Sometimes, Tubbs made it easy. Early in his term, he decided the city should stop subsidizing a pair of public golf courses (a roughly $800,000 annual expense) and considered a
proposal by the city manager to convert one of them, located on Stockton’s wealthier north side, into affordable housing, sparking a major outcry eagerly promoted by the
209 Times. “You never get between a white, middle-class taxpayer and their perceived property values,” notes Barbara Barrigan-Parrilla, a longtime observer of the political scene and executive director of a local environmental nonprofit.
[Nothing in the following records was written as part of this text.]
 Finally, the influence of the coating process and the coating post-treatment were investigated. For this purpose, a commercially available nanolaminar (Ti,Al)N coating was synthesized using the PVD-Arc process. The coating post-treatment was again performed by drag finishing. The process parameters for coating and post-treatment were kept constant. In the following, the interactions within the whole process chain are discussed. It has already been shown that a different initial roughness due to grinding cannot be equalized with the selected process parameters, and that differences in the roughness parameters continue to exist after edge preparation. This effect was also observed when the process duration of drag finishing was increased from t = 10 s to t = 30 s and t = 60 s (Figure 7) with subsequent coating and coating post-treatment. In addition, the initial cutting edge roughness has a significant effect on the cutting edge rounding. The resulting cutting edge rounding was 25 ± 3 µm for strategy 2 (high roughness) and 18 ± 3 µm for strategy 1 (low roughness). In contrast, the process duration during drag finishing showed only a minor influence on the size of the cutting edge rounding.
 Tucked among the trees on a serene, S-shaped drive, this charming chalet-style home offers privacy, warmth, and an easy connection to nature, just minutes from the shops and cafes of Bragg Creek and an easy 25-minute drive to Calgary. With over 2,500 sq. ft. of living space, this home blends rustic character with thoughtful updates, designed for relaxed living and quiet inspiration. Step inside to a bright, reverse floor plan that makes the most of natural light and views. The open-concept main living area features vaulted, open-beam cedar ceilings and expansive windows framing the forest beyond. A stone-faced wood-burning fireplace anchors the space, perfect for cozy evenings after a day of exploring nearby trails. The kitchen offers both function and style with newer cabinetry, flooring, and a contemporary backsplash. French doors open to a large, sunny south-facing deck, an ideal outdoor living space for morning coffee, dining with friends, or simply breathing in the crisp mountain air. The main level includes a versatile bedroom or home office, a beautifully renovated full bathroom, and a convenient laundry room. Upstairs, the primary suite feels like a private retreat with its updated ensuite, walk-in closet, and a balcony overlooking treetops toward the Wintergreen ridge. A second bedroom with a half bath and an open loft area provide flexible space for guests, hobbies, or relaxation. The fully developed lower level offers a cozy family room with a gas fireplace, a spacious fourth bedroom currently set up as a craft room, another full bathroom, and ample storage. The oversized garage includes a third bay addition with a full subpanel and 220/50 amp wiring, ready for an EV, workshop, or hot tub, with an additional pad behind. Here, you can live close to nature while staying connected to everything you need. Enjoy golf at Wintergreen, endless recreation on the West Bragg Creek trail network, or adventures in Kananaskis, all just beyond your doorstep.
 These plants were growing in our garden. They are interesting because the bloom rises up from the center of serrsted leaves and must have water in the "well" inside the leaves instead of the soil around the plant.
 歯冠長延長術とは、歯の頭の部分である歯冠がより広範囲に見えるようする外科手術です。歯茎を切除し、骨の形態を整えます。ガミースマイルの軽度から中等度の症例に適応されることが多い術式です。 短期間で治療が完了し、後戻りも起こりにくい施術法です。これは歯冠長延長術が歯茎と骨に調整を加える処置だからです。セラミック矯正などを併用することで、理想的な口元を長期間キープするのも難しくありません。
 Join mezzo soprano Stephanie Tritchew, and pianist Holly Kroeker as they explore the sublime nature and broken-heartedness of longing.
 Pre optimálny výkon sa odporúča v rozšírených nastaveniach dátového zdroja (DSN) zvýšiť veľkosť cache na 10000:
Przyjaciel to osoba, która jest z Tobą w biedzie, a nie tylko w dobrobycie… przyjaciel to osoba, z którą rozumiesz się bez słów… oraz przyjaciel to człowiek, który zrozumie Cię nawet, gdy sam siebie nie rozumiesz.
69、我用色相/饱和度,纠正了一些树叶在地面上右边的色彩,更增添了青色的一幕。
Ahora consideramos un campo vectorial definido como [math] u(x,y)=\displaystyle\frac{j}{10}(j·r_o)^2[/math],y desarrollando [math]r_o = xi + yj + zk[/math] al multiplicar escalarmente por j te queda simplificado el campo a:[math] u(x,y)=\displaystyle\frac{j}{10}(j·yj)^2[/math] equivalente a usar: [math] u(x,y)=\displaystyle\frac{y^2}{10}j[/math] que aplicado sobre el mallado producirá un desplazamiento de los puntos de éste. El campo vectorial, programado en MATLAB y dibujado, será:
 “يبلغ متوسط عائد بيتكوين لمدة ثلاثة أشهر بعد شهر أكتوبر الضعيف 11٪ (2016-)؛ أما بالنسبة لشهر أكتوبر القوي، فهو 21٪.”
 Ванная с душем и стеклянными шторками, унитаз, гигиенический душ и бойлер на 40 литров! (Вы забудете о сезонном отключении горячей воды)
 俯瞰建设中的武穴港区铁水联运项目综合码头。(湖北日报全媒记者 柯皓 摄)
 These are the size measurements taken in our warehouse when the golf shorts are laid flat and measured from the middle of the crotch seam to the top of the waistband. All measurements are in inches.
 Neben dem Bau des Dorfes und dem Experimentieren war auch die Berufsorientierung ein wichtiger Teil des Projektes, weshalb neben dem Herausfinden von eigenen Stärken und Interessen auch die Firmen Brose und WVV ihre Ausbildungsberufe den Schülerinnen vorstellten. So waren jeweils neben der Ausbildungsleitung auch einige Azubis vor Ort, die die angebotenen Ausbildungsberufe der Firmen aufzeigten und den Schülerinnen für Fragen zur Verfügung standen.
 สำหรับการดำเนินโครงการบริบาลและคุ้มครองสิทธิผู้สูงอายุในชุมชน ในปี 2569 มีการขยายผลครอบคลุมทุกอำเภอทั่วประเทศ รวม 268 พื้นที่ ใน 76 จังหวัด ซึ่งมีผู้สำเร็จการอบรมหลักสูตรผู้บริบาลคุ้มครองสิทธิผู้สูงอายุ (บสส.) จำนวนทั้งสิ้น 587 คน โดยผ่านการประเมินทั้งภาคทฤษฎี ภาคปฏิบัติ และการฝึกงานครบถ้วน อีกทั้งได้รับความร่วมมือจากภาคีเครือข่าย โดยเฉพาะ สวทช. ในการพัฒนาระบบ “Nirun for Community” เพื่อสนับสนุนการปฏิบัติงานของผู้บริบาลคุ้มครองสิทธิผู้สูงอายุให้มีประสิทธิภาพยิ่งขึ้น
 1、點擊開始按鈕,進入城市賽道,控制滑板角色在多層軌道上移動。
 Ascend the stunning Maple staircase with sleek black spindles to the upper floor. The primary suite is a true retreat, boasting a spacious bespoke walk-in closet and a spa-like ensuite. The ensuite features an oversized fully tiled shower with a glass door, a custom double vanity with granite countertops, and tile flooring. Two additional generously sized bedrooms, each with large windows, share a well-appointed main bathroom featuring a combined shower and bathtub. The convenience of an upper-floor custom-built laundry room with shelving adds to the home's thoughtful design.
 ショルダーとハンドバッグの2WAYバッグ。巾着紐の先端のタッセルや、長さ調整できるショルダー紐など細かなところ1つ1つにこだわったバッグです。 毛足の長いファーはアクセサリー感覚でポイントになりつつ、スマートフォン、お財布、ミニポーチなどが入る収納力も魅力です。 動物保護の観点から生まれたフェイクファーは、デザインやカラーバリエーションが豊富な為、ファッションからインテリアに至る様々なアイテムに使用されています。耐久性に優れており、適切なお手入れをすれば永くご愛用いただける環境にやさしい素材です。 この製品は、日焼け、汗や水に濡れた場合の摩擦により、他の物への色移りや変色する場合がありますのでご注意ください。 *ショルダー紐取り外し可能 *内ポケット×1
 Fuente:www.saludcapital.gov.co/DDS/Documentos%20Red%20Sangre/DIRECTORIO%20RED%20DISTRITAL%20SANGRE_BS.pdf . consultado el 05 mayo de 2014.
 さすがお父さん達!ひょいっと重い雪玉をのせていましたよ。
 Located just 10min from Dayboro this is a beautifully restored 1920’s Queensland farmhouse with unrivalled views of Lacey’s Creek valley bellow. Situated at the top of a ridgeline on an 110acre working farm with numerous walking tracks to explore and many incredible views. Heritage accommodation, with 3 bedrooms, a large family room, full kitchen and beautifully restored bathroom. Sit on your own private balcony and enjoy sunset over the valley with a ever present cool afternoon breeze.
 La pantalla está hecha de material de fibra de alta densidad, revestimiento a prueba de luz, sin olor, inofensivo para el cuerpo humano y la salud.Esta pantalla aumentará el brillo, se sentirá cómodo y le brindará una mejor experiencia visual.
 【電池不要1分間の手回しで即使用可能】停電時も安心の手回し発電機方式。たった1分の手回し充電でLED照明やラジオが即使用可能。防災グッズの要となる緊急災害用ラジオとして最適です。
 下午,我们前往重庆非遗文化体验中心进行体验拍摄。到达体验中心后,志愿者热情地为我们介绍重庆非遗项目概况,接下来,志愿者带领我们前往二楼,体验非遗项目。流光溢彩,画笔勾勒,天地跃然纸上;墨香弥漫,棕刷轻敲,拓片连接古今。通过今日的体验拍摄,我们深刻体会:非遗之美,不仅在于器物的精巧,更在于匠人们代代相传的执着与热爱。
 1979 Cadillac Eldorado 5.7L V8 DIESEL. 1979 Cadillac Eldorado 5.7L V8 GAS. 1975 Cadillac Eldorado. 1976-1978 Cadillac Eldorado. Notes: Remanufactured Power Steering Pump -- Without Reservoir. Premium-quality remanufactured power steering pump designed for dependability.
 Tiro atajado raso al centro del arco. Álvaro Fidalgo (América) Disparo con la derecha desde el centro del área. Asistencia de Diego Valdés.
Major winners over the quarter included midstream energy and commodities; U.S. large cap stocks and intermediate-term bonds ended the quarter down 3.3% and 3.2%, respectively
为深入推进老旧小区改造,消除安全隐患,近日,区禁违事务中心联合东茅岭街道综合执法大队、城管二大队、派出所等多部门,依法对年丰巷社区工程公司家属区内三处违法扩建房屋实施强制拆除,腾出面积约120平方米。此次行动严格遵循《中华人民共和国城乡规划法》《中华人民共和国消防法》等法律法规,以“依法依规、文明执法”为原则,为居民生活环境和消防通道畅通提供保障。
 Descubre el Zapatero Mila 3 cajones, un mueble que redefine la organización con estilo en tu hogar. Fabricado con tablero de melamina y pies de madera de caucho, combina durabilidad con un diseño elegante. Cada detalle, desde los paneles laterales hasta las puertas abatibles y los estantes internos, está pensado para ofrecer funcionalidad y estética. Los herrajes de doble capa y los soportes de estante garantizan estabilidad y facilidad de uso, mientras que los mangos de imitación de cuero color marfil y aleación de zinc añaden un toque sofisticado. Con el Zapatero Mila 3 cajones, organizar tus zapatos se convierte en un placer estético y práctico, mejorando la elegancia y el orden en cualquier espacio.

Tubbs’ adoption of Advance Peace, a
successful initiative designed to prevent gun violence by providing job training, mentorship, counseling, and financial stipends to young people tempted by gang culture, was easily
caricatured by the
209 Times as “Cash for Criminals” and described as “a controversial program to pay ‘active shooters’ not to shoot.” (Though the blog
claimed it used “taxpayer money,” the program was privately funded.) And Tubbs’
celebrated UBI program, the Stockton Economic Empowerment Demonstration (SEED), was a pilot serving just 125 individuals, generating some predictable resentment among nonparticipants.
“Our goal has never been to be fair. That’s not one of our requirements. We let the public know, point-blank, we are biased.”
If the
209 Times had limited their attacks to those issues, however, Tubbs might well have won a second term. Instead, they bashed him relentlessly from every angle they could find, often floating baseless or misleading allegations of fraud or malfeasance. They
claimed the Stockton Scholars program had never been fully funded and wasn’t actually giving out the scholarships it promised — a false storyline based on documents filed before the scholarship really began. They hammered the idea so relentlessly, according to Tubbs’ senior adviser Daniel Lopez, that some school administrators wondered if kids were wasting their time applying. As the mayor’s communications director, Lopez tried to fight back. “I did a post saying we tripled scholarships,” he recalls. “That got three likes. The
209 Times did a post later on about our young people fighting at the mall. That got hundreds of interactions.”
Another damaging storyline
claimed the mayor had squandered $60 million in funds for the homeless, when in fact the city had only received some
$6.5 million. “People just believed it,” Lopez recalls. “I would constantly hear, ‘Where’s the $60 million? How come Tubbs is pocketing the money?’ It didn’t even make sense.”
They
slammed him for leaving a council meeting early to go to his own wedding and for attending a conference of mayors in Paris. They
interviewed his half-brother about Tubbs’ supposed fraternal indifference. They blamed him for the homeless crisis, going so far as to nickname any encampment “
Tubbsville,”and
accused him of planning to “essentially make Stockton the official homeless capital for the Northern part of the State of California” by converting the county fairgrounds into a “homeless reservation.” (The story was based on an idea discussed at a meeting Tubbs
didn’t even attend. The
Record refuted it a week later, by which time it had already gained significant traction on social media.)
Sanchez readily acknowledges that some of the attacks were unfair. “Our goal has never been to be fair,” he says. “That’s not one of our requirements. We let the public know, point-blank, we are biased. We do have an agenda. Every time we suspect an enemy is slipping, they will be hit at any and every opportunity. Them and everyone affiliated with them.”